= Your instructions =
Using the data below, set down every line from the one containing "3. 接下来,在语言列表中,我们点击并应用中文(简体),便可以预览 Light" through the one containing "Produit exclusif imaginée", inclusive and unchanged. Pictures are to be skipped.

= Records =
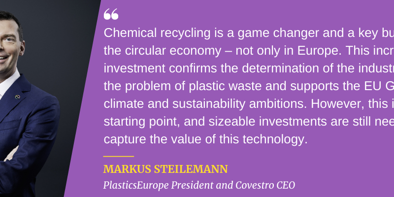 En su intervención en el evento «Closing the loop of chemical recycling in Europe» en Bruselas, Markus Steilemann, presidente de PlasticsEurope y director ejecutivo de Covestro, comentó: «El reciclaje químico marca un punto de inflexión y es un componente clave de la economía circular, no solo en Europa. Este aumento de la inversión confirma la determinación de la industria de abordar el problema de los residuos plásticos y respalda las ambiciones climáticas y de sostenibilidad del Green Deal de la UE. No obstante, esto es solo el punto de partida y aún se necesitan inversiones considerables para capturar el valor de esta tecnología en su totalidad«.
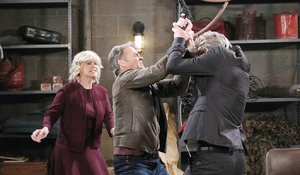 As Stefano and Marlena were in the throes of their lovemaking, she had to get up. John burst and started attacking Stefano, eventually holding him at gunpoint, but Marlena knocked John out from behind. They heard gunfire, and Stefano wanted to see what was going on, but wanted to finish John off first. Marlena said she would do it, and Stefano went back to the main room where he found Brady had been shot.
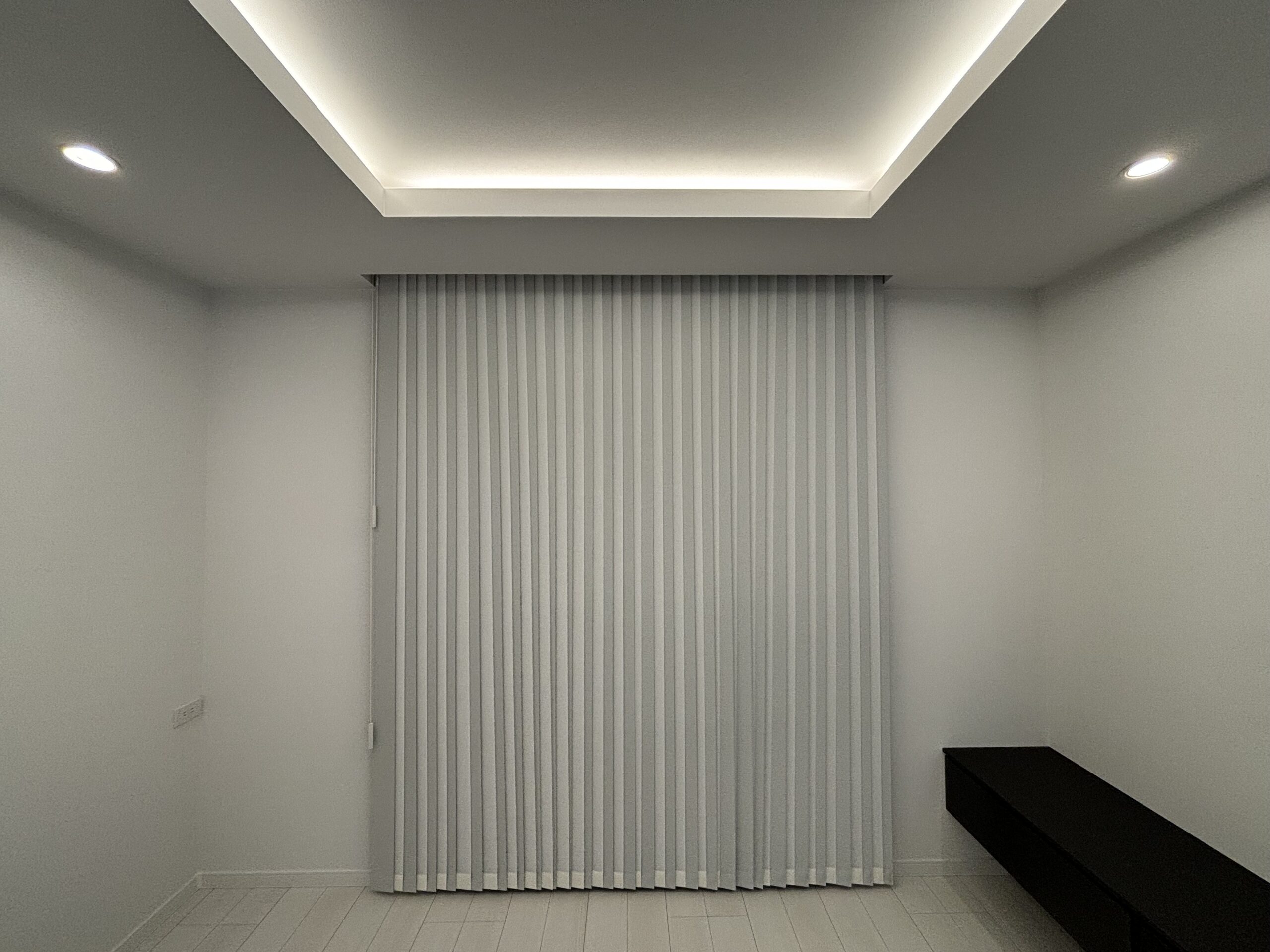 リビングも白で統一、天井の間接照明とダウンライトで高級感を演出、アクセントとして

* * *

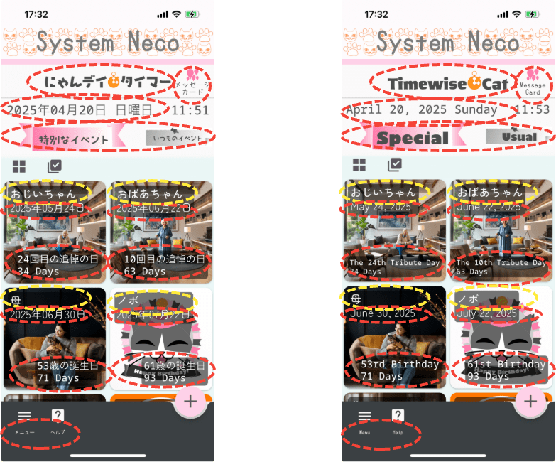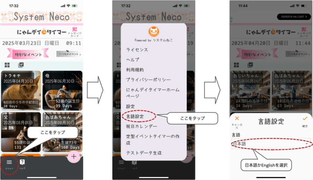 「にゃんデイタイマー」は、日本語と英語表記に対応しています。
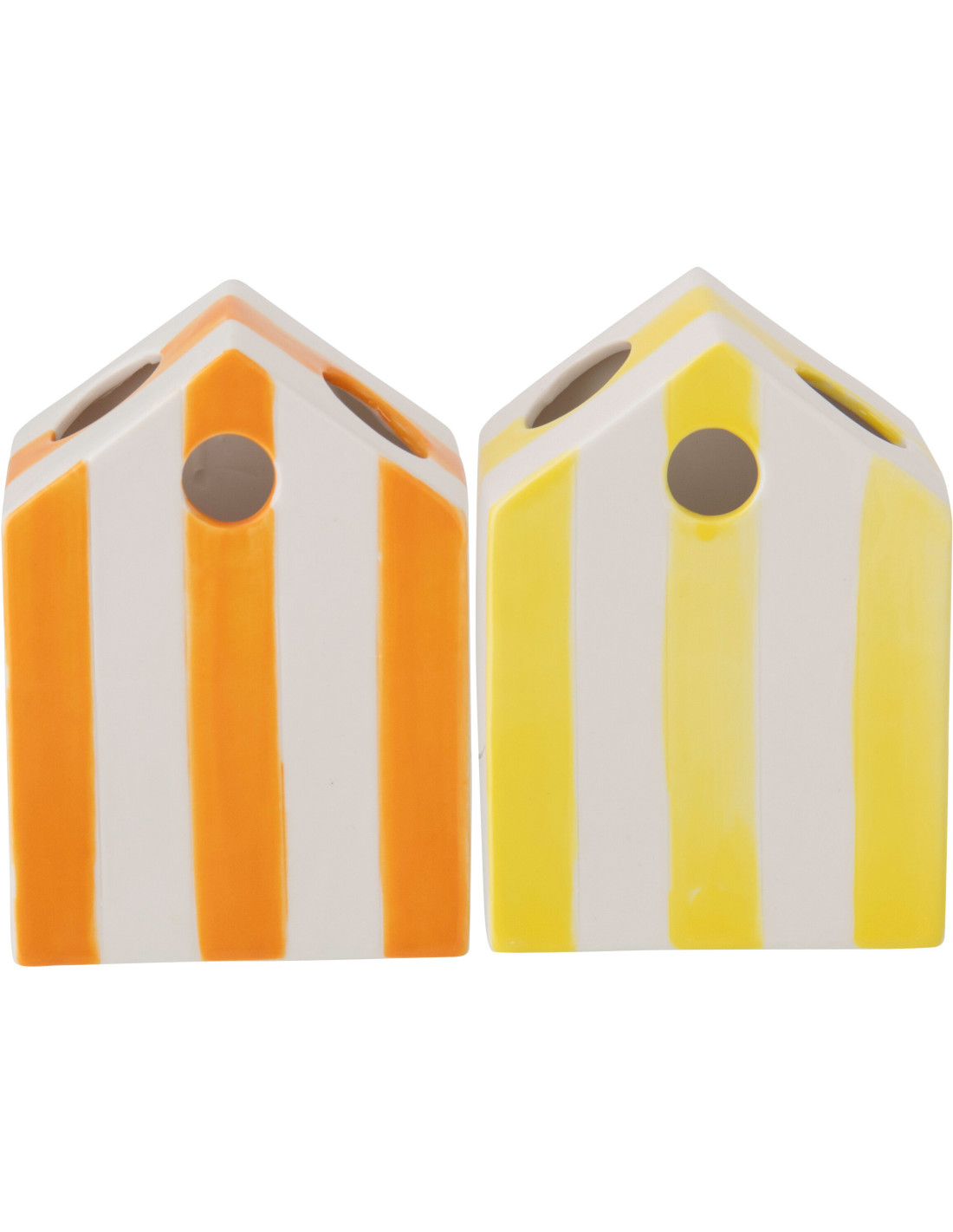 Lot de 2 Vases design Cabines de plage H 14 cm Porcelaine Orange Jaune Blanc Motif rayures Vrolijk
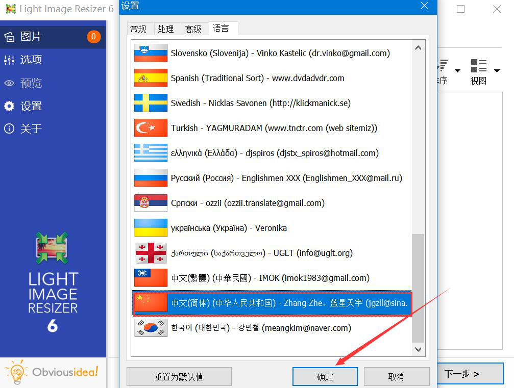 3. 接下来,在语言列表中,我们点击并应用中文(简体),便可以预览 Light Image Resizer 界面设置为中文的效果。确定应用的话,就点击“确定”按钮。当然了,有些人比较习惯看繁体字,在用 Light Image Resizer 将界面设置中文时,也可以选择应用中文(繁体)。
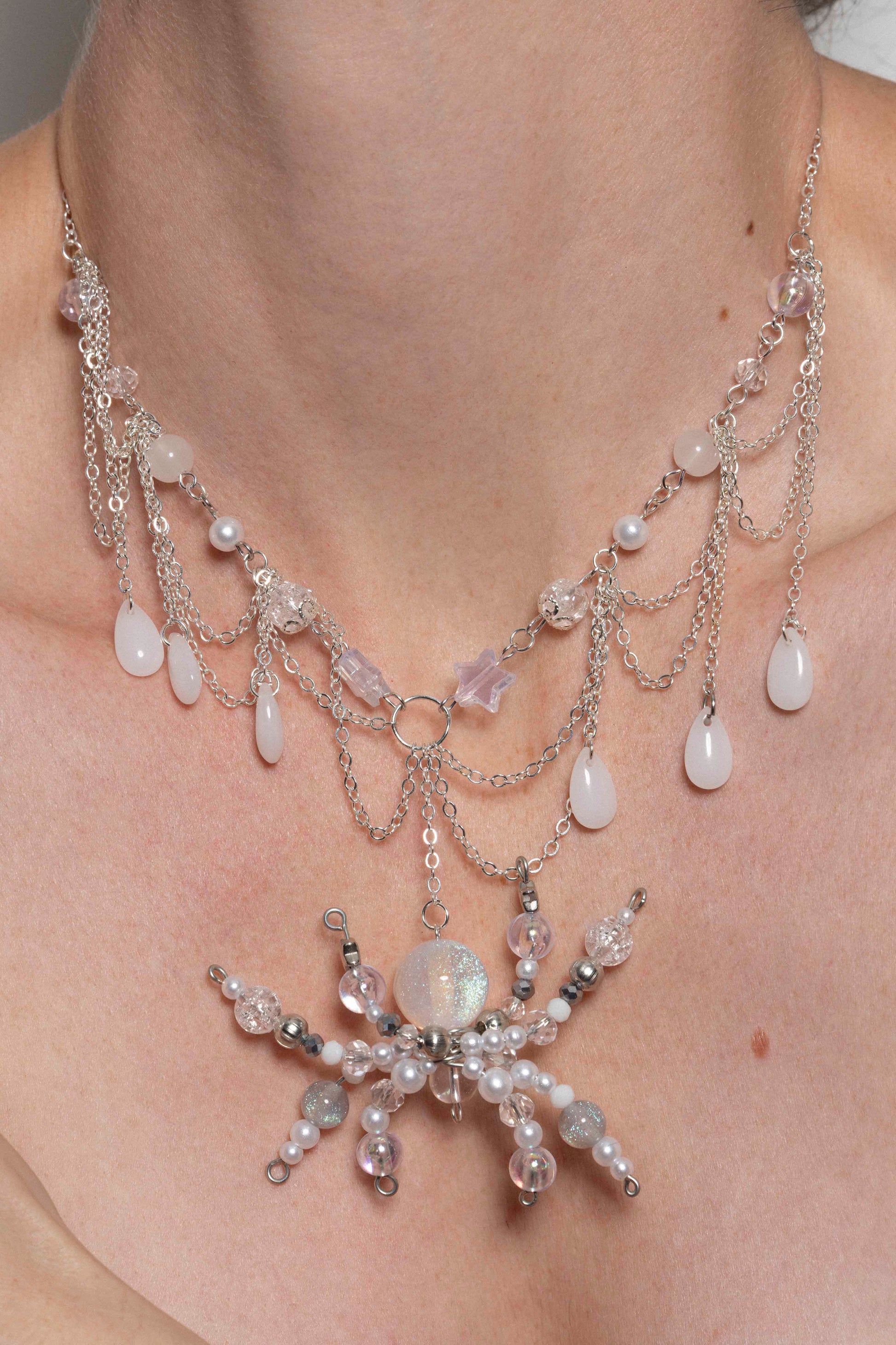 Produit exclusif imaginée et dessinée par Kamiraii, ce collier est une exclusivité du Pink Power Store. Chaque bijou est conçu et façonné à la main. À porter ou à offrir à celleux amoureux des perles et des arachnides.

= Completed exercise =
 3. 接下来,在语言列表中,我们点击并应用中文(简体),便可以预览 Light Image Resizer 界面设置为中文的效果。确定应用的话,就点击“确定”按钮。当然了,有些人比较习惯看繁体字,在用 Light Image Resizer 将界面设置中文时,也可以选择应用中文(繁体)。
 Produit exclusif imaginée et dessinée par Kamiraii, ce collier est une exclusivité du Pink Power Store. Chaque bijou est conçu et façonné à la main. À porter ou à offrir à celleux amoureux des perles et des arachnides.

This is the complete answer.